The FCA is to examine the level of due diligence advisers carry out when choosing a platform as part of a thematic review later this year, Money Marketing understands.
In its 2014/15 business plan last month, the FCA annouced it would be carrying out a thematic review on “effective due diligence for retail investment advice”. The regulator is still assessing the extent of the review and what it will include, though Money Marketing understands this will cover platform due diligence.
A spokeswoman for the FCA says: “We are still undertaking the scoping work for the thematic review into due diligence and will announce in due course what areas the review will cover.”
Since April, platforms have been required to charge on an unbundled basis and have to pass all rebates back to consumers on new business. The final rules state that advisers are responsible for ensuring the platforms they use are compliant.
The Platforum managing director Holly Mackay suggests advisers address questions beyond just price and functionality when choosing a platform. She says: “Advisers need to ask themselves things like: What do my clients actually need? Does this client need a platform in the first place? Do I need more than one? Does my client understand what it costs? Is the platform reliable?”

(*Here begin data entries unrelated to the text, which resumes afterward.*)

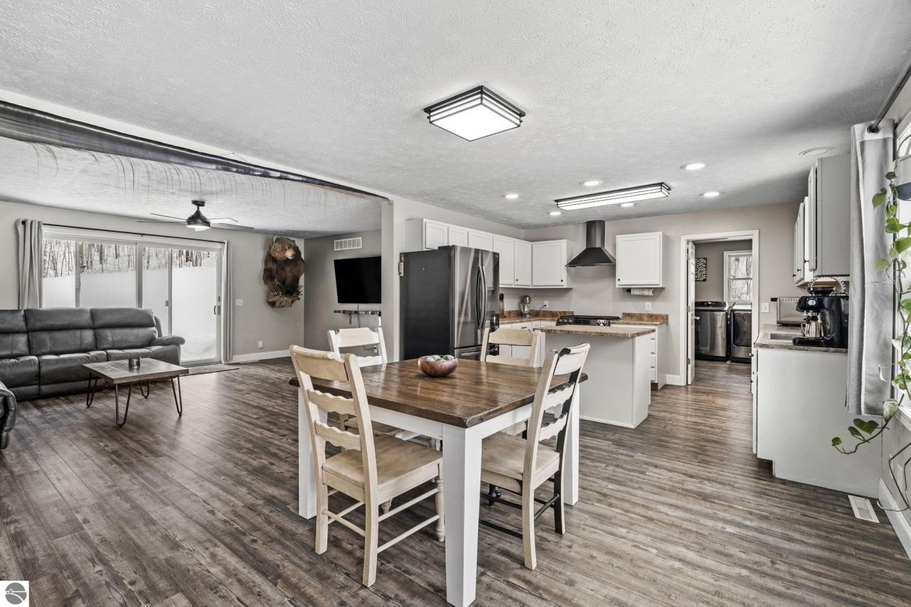 Set on 10 peaceful acres in a private wooded setting, this beautifully maintained 3-bedroom, 2-bath home offers the perfect blend of comfort, space, and Northern Michigan recreation. The property features a horse pasture with stall and hay storage, making it ideal for equestrian enthusiasts or those seeking room to roam. Evenings are best enjoyed around the thoughtfully placed fire pit, perfectly positioned for incredible star gazing. Inside, the home is filled with natural light and enhanced by soaring ceilings in the living room that create an open, airy feel. The updated kitchen offers modern functionality and style, complemented by updated appliances and thoughtful finishes. The newly remodeled primary bathroom adds a touch of luxury, while numerous updates throughout the home reflect meticulous care and pride of ownership. Improvements include updated flooring, interior doors, trim work, remodeled bath, gutters, sliding door, retaining wall to the walk-out basement, a welcoming new front deck, and a water softener. The full unfinished walk-out basement offers excellent storage and future living space potential. The reinforced deck with hot tub hookups are ready for relaxing evenings. Stay connected with high-speed fiber internet while enjoying the serenity of country living. Located just 30 minutes from Traverse City and close to Crystal Mountain for year-round golf and skiing, this property is also near Benzie County snowmobile trails and abundant hiking opportunities. A rare opportunity to enjoy privacy, recreation, and a beautifully updated home all in one exceptional setting.
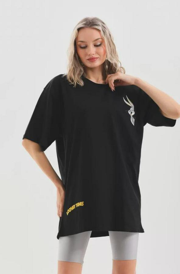 Unisex Baskılı Oversize T-Shirt - Siyah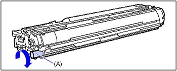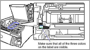 If you cannot see any of the three colors on the label from the front, take out the drum cartridge once, turn the projection (A) in the direction of the arrow until it clicks and stops, and then reinstall the cartridge.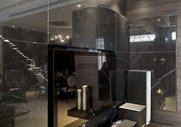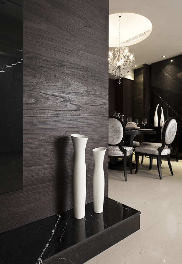 屋主一家人都喜欢黑色,顺理成章的就以『黑色』作为空间的要角,不过为了不让黑色有太过沈重的感觉,张馨设计师在空间中运用了许多小技巧,让黑色像施展魔法般在空间顿时增添了层次感,又将「白」和「灰」完美融入其中,仔细探究发现诀窍就在于选用不同的质材,包括木皮、石材、镜面和油漆粉刷等,各种材质优雅展现自身特有质地,交融在一起时又创造出令人惊艳的整体性完美演出。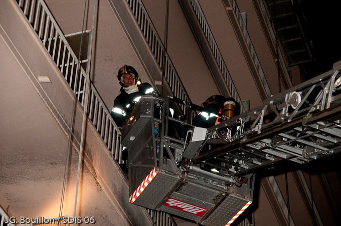Enjambé les balcons depuis la nacelle de la grande échelle, un geste mainte fois répété durant la nuit

The Lang Cat senior consultant Sam Lynn says: “There is an in-built tension at the heart of platform use – suitability for individual clients versus scalable, repeatable efficiencies for an adviser business. That is a recipe for potential conflict of interest so it is really no surprise to see the FCA wanting to take a closer look at how advisers make their platform selections.”
Invest Southwest managing director David Penny says: “Past failures like Keydata show there can be no harm in checking advisers are working with organisations that are reputable and solvent, and that includes platforms.”